To keep the future of AI open, we are very excited to announce that GGML, the creators of Llama.cpp, are joining HF. 🔥
Georgi Gerganov and the team join HF with the goal of expanding and supporting the community behind ggml and llama.cpp as local AI continues to make significant advances over the next few years.
We’ve been working with Georgi and the team for quite some time (the team already includes core contributors to llama.cpp like Son and Alek), so this was a very natural process.
This is basically a match made in heaven, as llama.cpp is a fundamental building block for local inference, and transformers are a fundamental building block for model definition. ❤️
What will change for llama.cpp, the open source project, and the community?
Not that much – Georgi and the team still spend 100% of their time maintaining llama.cpp and have full autonomy and leadership over technical direction and the community. HF provides long-term sustainable resources for projects, increasing their chances of growth and success. The project will continue to be 100% open source and community-driven, as it is now.
technical focus
llama.cpp is the basic building block for local inference, and transformers are the basic building blocks for model and architecture definition. Therefore, we will work to make shipping new models in llama.cpp from the model-defined transformer library “source of truth” as seamless (almost “single-click”) as possible in the future.

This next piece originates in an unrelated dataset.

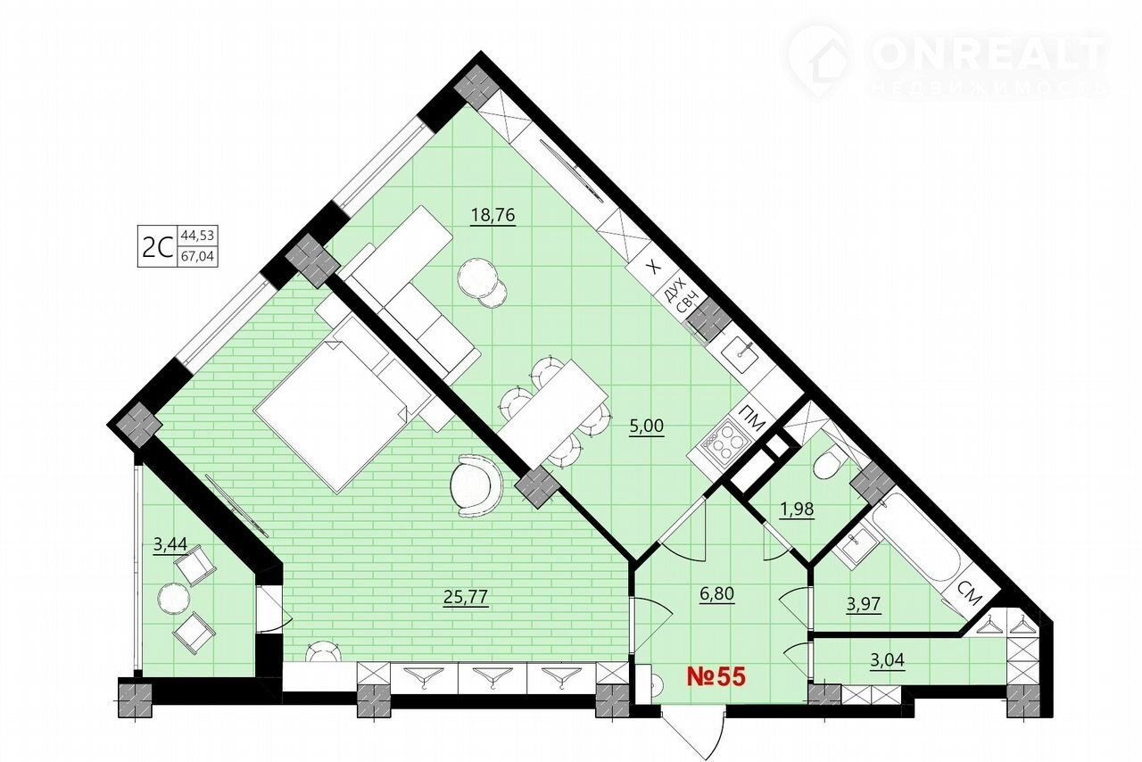 Удобная и продуманная планировка позволит вам гармонично и удобно расставить мебель.

Additionally, it also improves the packaging and user experience of ggml-based software. As we enter the stage where local inference becomes a meaningful and competitive alternative to cloud inference, it is important to improve and simplify how casual users deploy and access local models. We are working to make llama.cpp ubiquitous and easily available everywhere.
our long term vision
Our common goal is to provide the community with the building blocks to make open source superintelligence available to people around the world for years to come.
We will achieve this by collaborating with our growing local AI community as we continue to build the ultimate inference stack that runs as efficiently as possible on-device.